# Back from vacation!



## Ireth (Aug 29, 2012)

Earlier than I'd anticipated, too. ^^ For a little while at least, until I go back to college. A brief overview of the highlights of my trip, for those interested:

-not much to say about the drive through Manitoba and Sask-flat-chewan. Camped in a few Wal-Mart parking lots in lieu of actual campsites.
-Lloydminster, AB: had a fun meeting with Rich, a friend of my mom's. He's a pretty fun guy, and not bad looking either. XDDD
-Edmonton, AB: the Edmonton Mall. Full stop. We went on the Mindbender at GalaxyWorld, browsed a bunch of the stores and had really good frozen yogurt from Yogen Fruz, and I bought a Florence + the Machine CD. ^^
-Jasper, AB: We got into the Rockies, which I have henceforth nicknamed the Ered Luin because they looked bluish from a distance. Almost got struck by lightning (no, really -- it hit the pavement not 15 feet from where my family and I were standing!), saw a couple of double rainbows, and got some more shopping in.
-Canmore, AB: Did more shopping, saw tons of bunnies roaming the streets, and had the most amazing drink ever at a cute little coffeeshop. Chocolate chai lattes, where have you been all my life? XD
-Banff, AB: Still more shopping and lots of pretty mountains to look at.
-Calgary, AB: the zoo! Owls and muntjacs and bats, oh my! (For those who don't know, a muntjac is a type of deer that has fangs, but is vegetarian. Kinda cool looking, but creepy. XD)
-Delisle, SK: met up with my cousin Scott and his wife and kids, and got to play with their dog Roxie and her adorable puppies. We had a bonfire in the backyard and made s'mores, and Scott's wife made us breakfast in the morning, which was really nice of them. It tasted awesome, too. Pancakes and bacon FTW.

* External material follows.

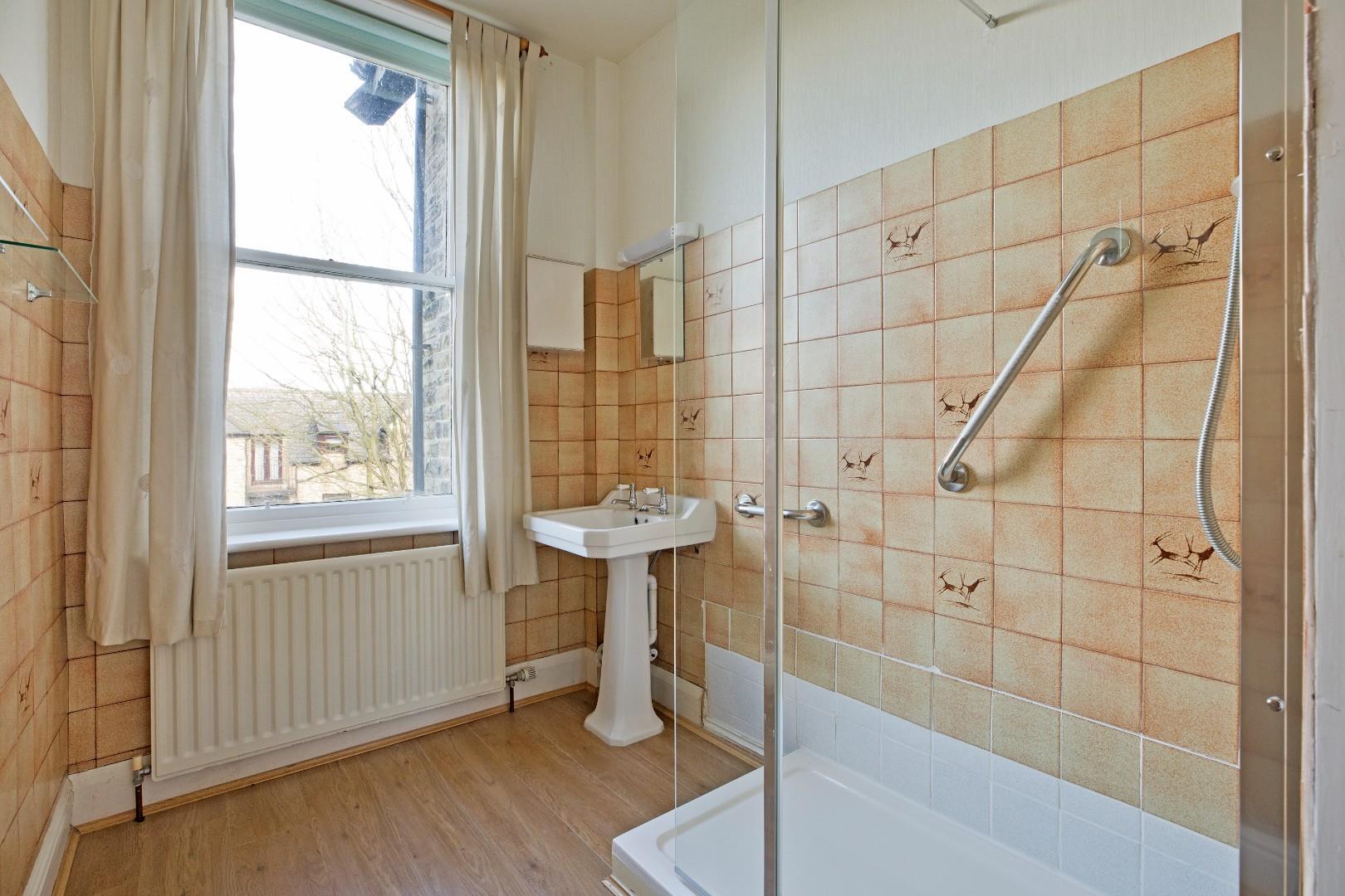 With a traditional style, pedestal handbasin with chrome taps and shower cubicle with fixed glazed screen. Wall tiling, laminate flooring, sash window, radiator.

I wish I could show you the pictures I took, but my phone died halfway into the Rockies, and I'm not sure how to get pics from my phone onto my laptop anyway. Might just wait and see if my mom or sisters put better-quality pics on Facebook and then steal them. XDD


----------



## CupofJoe (Aug 29, 2012)

I don't think we've ever met - but it's nice to have you back...


----------



## Steerpike (Aug 29, 2012)

Welcome back, Ireth. Nice to see you again.


----------



## Ireth (Aug 29, 2012)

Thanks, guys. ^^ And hello, Joe. Nice to meet you.


----------



## Sheilawisz (Aug 29, 2012)

Hello Ireth, it's great to have you back with us in Mythic Scribes =)


----------



## Reaver (Aug 29, 2012)

Welcome back kiddo. Looking forward to seeing you at Philliam's.


----------



## Benjamin Clayborne (Aug 29, 2012)

Welcome back  Glad you had a good time. It's funny you should mention the Rockies; we're going to Colorado in two days. Different part of the Rockies, but still.


----------